Бревно было кончено пилить, когда как раз кончил говорить улыбающийся Хорт, принимаясь теперь с Рэй-Шуа колоть дрова.

Из хижины доносился раздражающе-приятный запах жареного мяса.

Чукка старалась.

Разгоревшийся на работе Рэй-Шуа, аппетитно начал раздувать ноздрями и спокойно заявил:

– Слушай, Хорт. Я – знаменитый романист – не менее знаменитый любитель жареного мяса и надо быть бездарным, чтобы не лишиться дара слова, когда так волшебно пахнет. Я – дикарь это прежде всего, и для меня жратва – священное дело. Тут я религиозен, до чорта. Надеюсь по этому случаю ты не вообразишь, что своей дружеской речью достаточно убедил меня, и я готов снова взяться за тоску своего писательства? Ххэ, за ночным чаем, или, если утомимся, завтра по пунктам я отвечу на речь, а сейчас я хочу жрать, жрать, жрать…

– Готово. Идите обедать, – приглашала Чукка, накрывая на стол и напевая:

 
Аджи мноа оа уа!
Аг-гуа бхавае а…
 

– Такая есть народная песенка у племени Угуа-Амо-део, пояснила Чукка, – она, отец, говорит о том, что если огонь и солнце не согреют человека, то согреет стебель Оа.

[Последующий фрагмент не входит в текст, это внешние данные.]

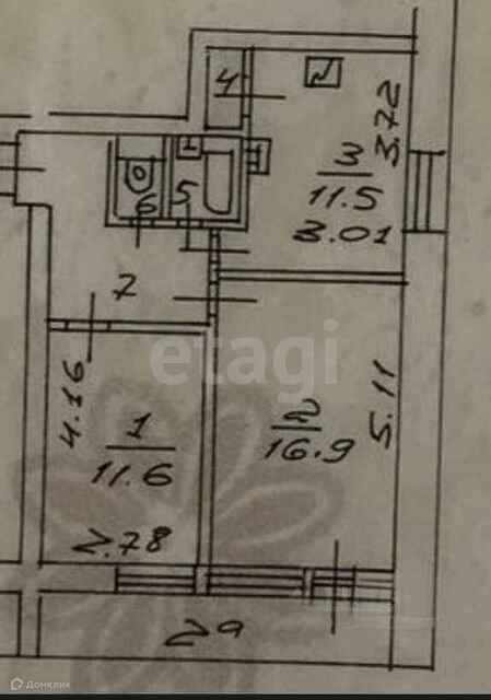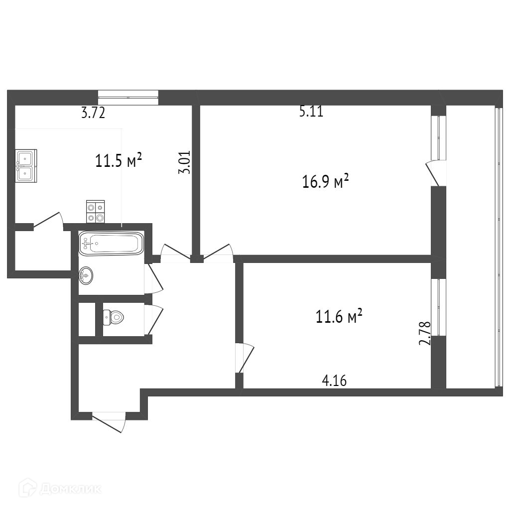 Общая площадь 54 м2

– Чертовское тепло и головокружительный запах, – обрадовался Рэй-Шуа, усаживаясь за стол, – требуют, чтобы Хорт, вместо стебля Оа, угостил нас крепкой рябиновой настойкой. Нам есть чему радоваться, – изобретательной юности Хорта с надеждой на продолжение после обеда.

– Продолжение будет, – обещал Хорт, доставая бутылку рябиновки, – Хорт ничего не обещает зря.

Чукка предложила:

– По три бокала за обедом выпьем мы и каждый скажет, кто за что пьет.

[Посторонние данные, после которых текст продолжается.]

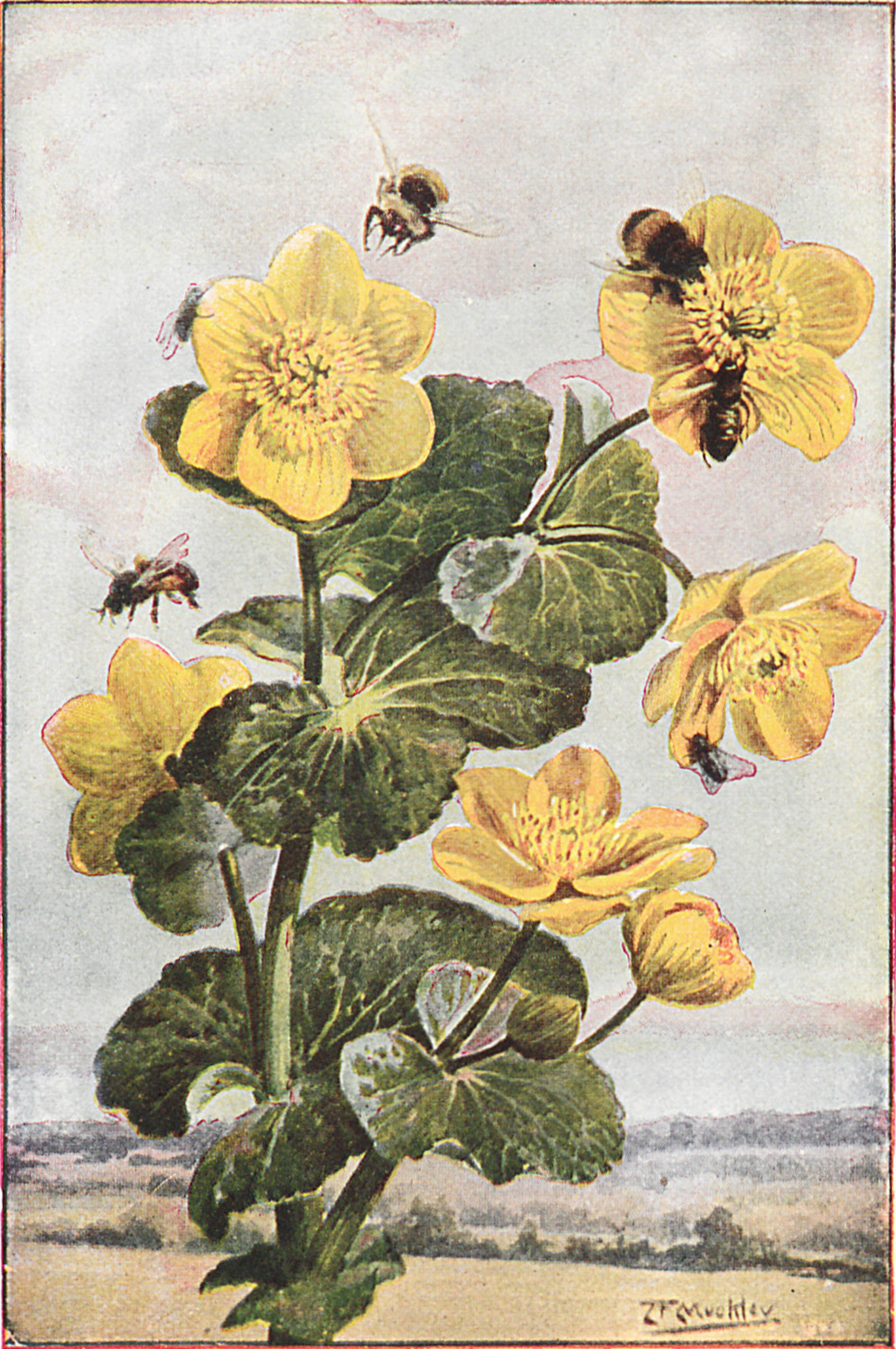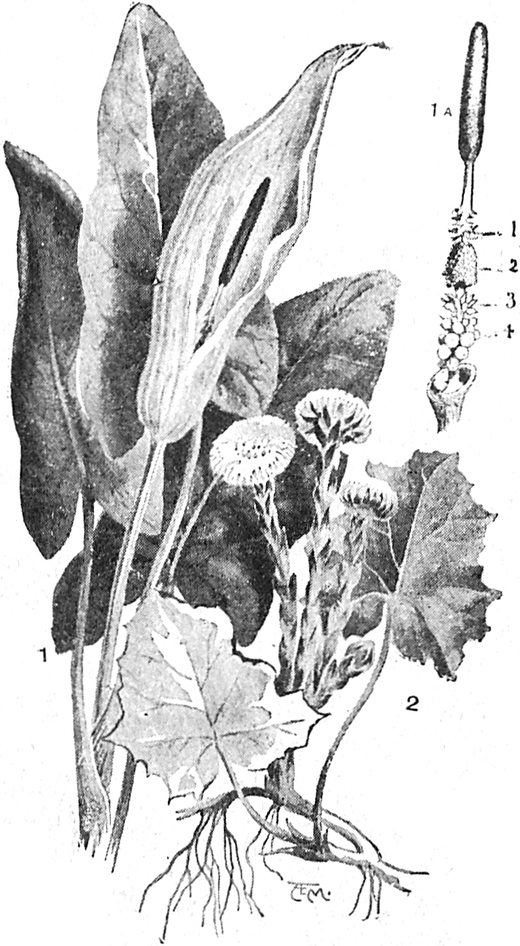 Das Scharbockskraut speichert, wie ihr euch erinnern werdet, ihre Nahrung in weißen Knollen auf; diese entstehen aus Knospen, die mit so viel Nahrung versehen sind, daß sie dadurch stark verdickt werden. Die Sumpfdotterblume und die schöne gelbe Schwertlilie, die am Flusse wächst, brauchen den unterirdischen Stamm als Speicher. Man muß den Stamm der Sumpfdotterblume verfolgen, bis man bis dicht an die Wurzeln kommt, und dort wird man den dicken Knoten finden, der durch den ganzen Winter hindurch weiterlebt und im Frühling frische Blätter treibt.

– Отец, первое слово твое, говори.

– Одна вещь остро интересует меня, – начал Хорт, наливая бокалы, – а именно – пессимист я или оптимист? Надо же об этом сказать, хотя бы самому себе вслух, перед рябиновой настойкой. Я – оптимист, да. Но весь мой оптимизм основан, как известно, глубочайшим пессимизмом личного опыта. Тяжкий пресс давления роковых обстоятельств угнетал меня сорок лет, кошмарная слепая сила била меня эти сорок лет, пока – наконец – я не схватился за веревку, чтобы сдохнуть по-собачьи… Это один Хорт, великий труженик бухгалтерии, самый несчастный человек. А вот потом вдруг – вот это все ослепительное счастье, звезда судьбы, воля высшего всепроникающего разума, рука, ведущая избранника, радио-интуиция, гениальная карьера, власть случая, – это другой Хорт, самый высокий директор, счастливый отец, толковый человек. Первый пессимист, второй оптимист. Жизнь разделена на два непримиримых лагеря. Во мне живут два человека, две личности, две воли, два разума, две судьбы. Первый – ничего не прощает. Все помнит, все видит, все сознает, все низводит. Первый преисполнен тоски и страдания. Первый помнит слова «все приходит слишком поздно», и каждую минуту напоминает о близкой смерти. Второй – всё оправдывает, все проводит, все окрыляет надеждами, все организует, все принимает радостно, светло, увлеченно, разумно. Второй насыщен верой в жизнь и гонит мысли о смерти: будто бессмертен я или может случиться чудо. Эта два существа, как ангел с дьяволом, борются во мне, и я не знаю, кто победит. Я скажу об этом в свое время. А сейчас давайте выпьем за жизнь со всеми ее приключениями.

Все выпили.

Диана получила кусок баранины.

После первого блюда Хорт налил по второму бокалу.

Чукка сказала свое:

– Ночью прошлой во сне я видела, будто с птичкой Наоми большую кино-картину смотрели мы, и на экране наша Ниа играла – в индийских джунглях среди зверей и змей скиталась. Хорошо, ясно Ниа видела я и теперь знаю, и о Наоми все знаю: этот же сон и она видела. Об этом ей напишу и Ниа. И еще знаю, что от них письма на почте есть. Надо поехать туда, получить надо. И Рэй-Шуа это сделает… Тем более, в письмах о славе Рэй-Шуа много написано… И вот за друзей далеких, за Наоми и Ниа, за Джека Питч и Стартов выпьем мы – счастье, успех, благополучие пусть не оставит их. И еще за ваши слова: «Ничего на свете не происходит зря» – пью я, – потому так все мы друг друга нашли и дружба хранит всех.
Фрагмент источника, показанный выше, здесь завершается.